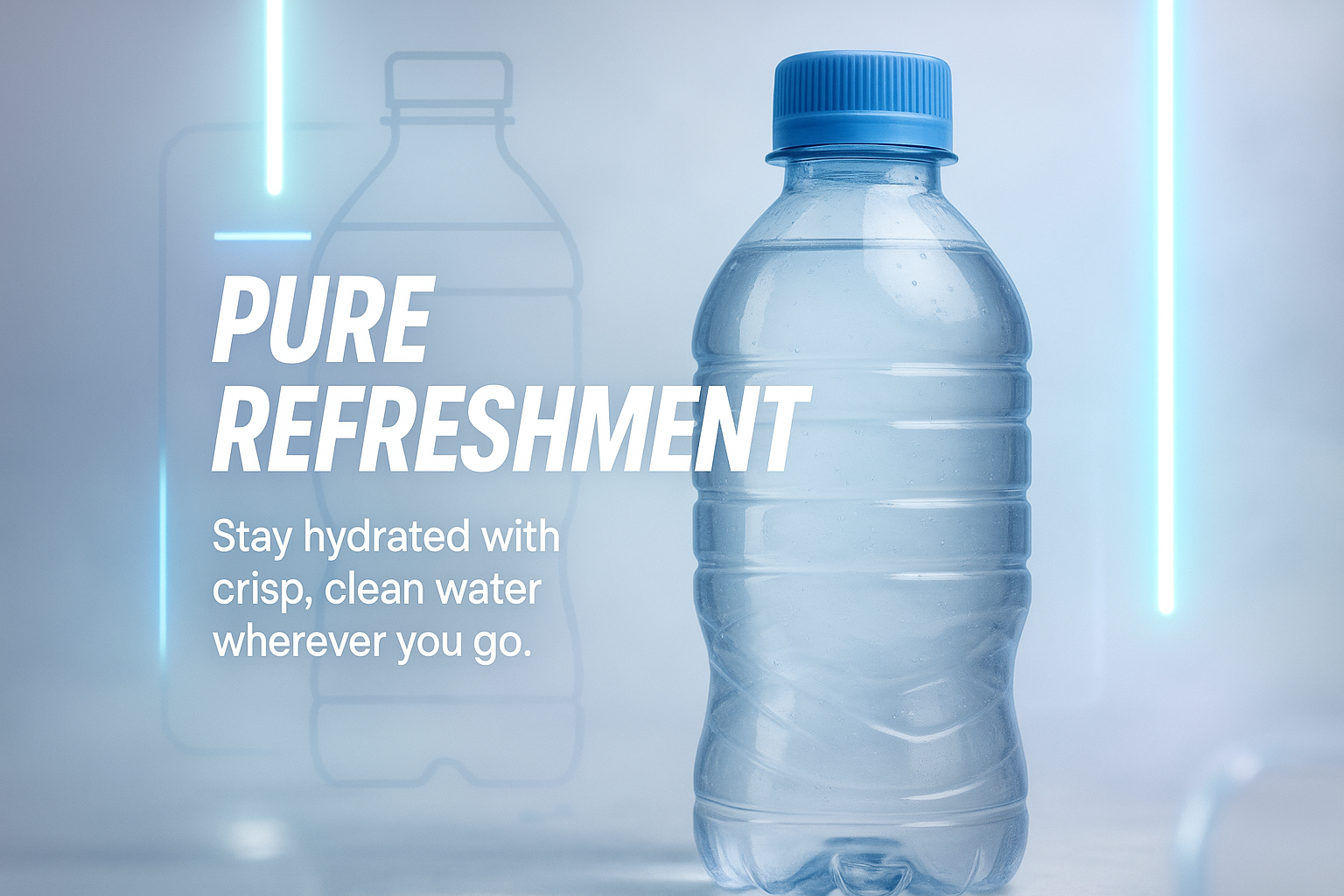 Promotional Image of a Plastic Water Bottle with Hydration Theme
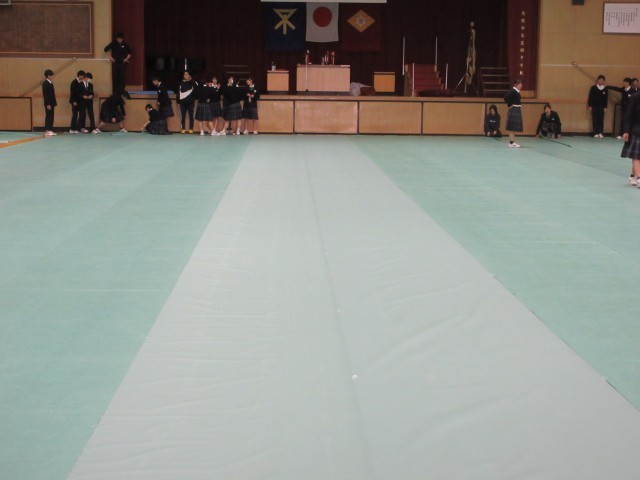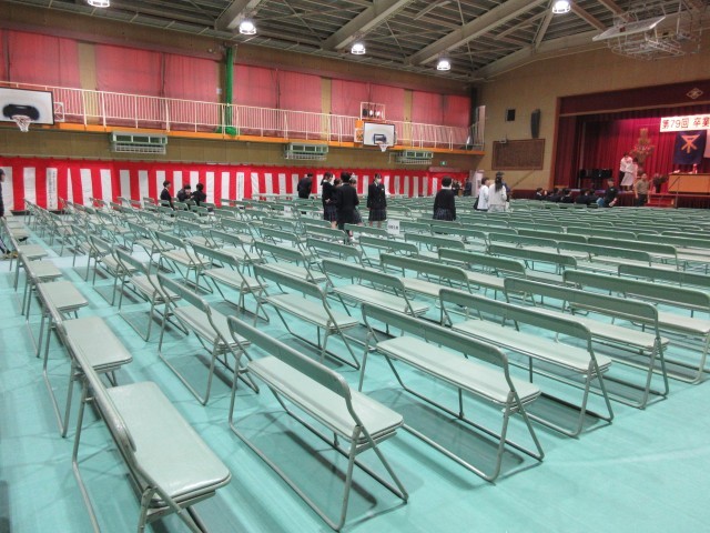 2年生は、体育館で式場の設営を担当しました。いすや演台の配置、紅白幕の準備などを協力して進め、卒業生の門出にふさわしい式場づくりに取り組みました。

==

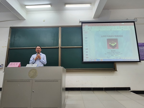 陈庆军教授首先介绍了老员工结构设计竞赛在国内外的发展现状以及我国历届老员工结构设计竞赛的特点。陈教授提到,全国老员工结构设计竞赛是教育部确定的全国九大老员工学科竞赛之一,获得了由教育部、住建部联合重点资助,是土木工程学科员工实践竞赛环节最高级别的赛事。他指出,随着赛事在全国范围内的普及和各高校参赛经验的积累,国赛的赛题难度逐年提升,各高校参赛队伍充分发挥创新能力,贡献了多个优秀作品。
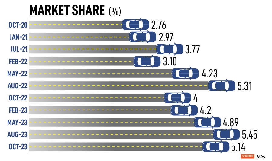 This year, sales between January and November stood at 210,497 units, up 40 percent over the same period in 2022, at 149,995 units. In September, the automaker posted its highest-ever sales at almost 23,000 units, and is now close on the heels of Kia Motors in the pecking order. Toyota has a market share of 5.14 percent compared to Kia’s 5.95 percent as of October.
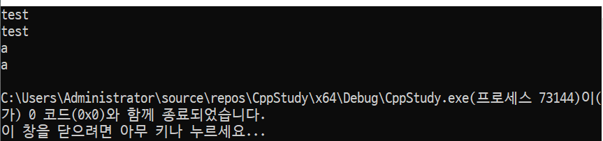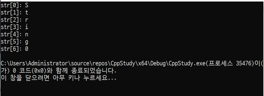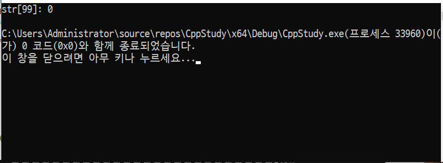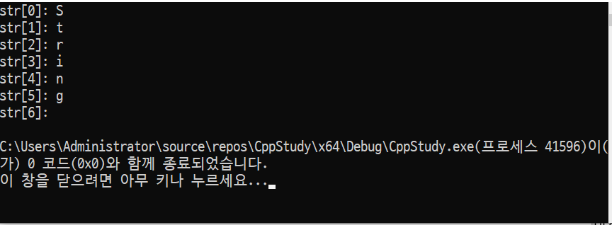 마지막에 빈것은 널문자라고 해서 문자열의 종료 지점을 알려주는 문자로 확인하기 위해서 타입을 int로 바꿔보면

==

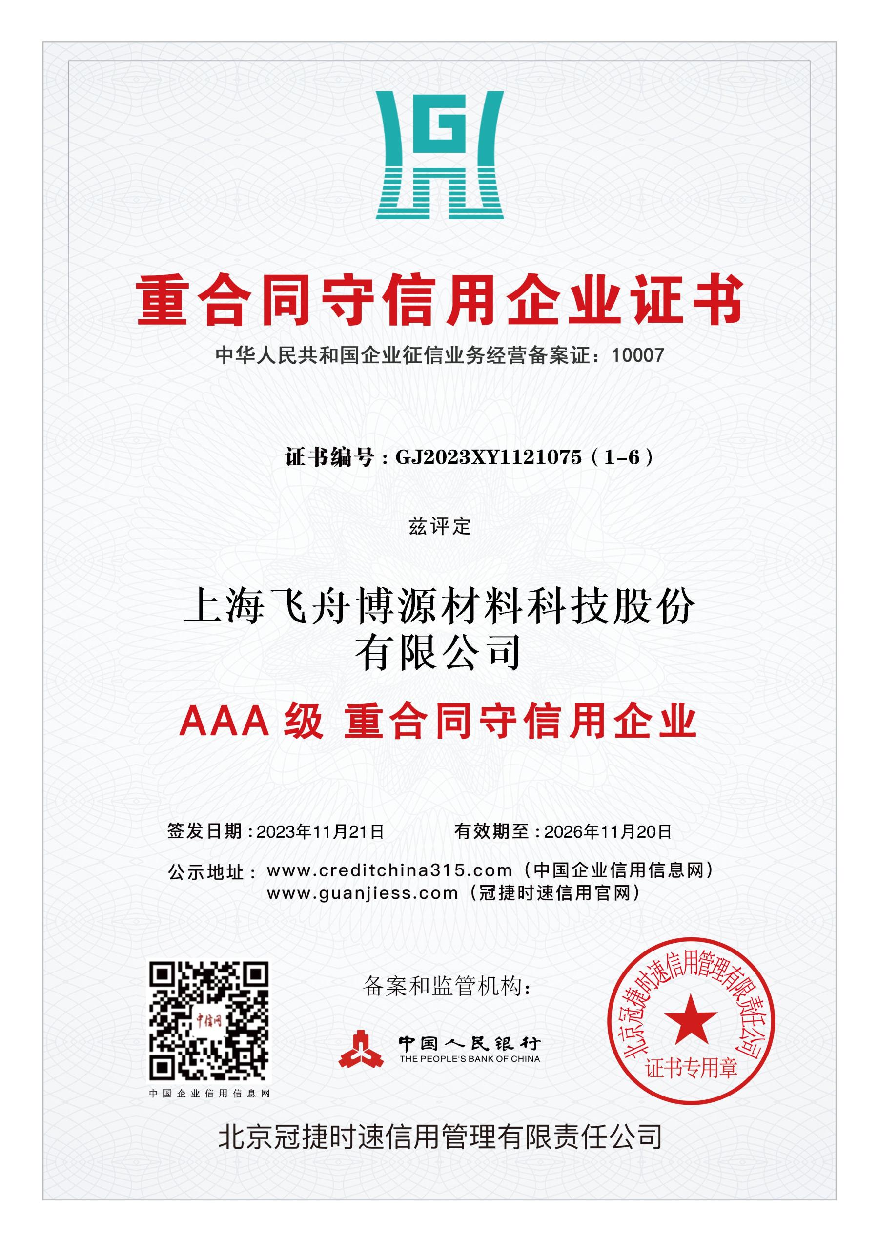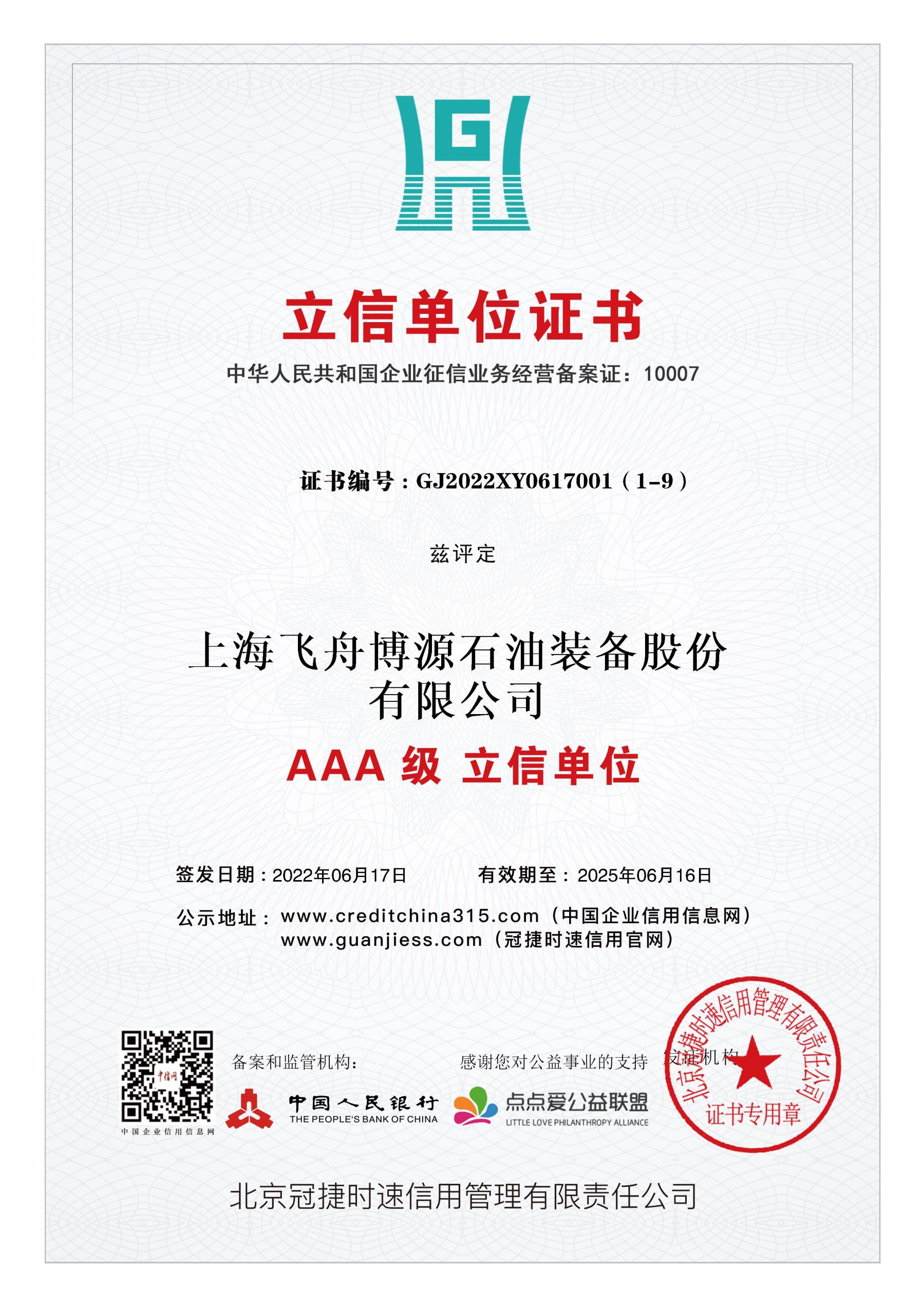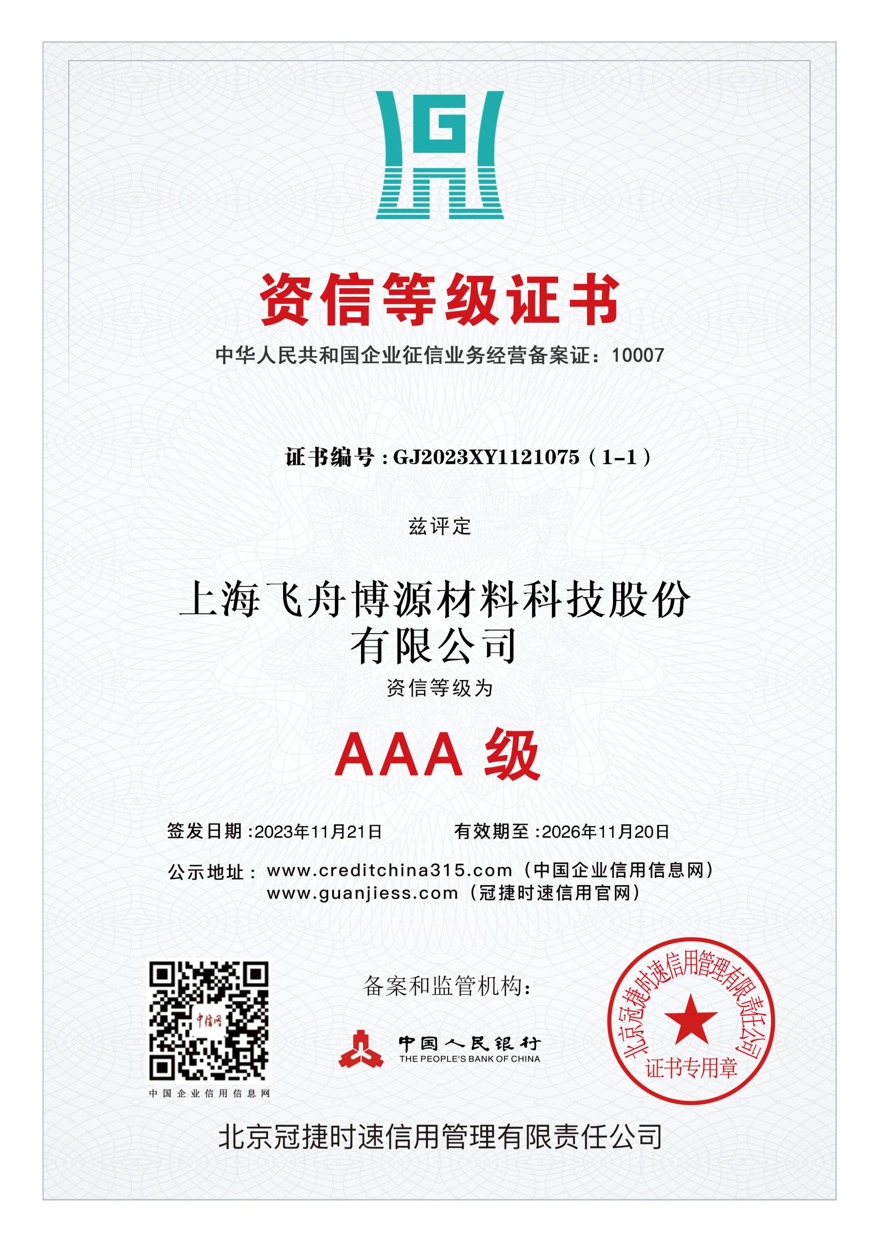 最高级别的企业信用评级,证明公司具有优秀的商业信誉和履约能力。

- YOUR OBJECTIVE: Please return the material above only from the line that holds "Promotional Image of" through the line that holds "2年生は、体育館で式場の設営", exactly as it stands, ends included and pictures omitted.

- WRITTEN ANSWER:
 Promotional Image of a Plastic Water Bottle with Hydration Theme
 2年生は、体育館で式場の設営を担当しました。いすや演台の配置、紅白幕の準備などを協力して進め、卒業生の門出にふさわしい式場づくりに取り組みました。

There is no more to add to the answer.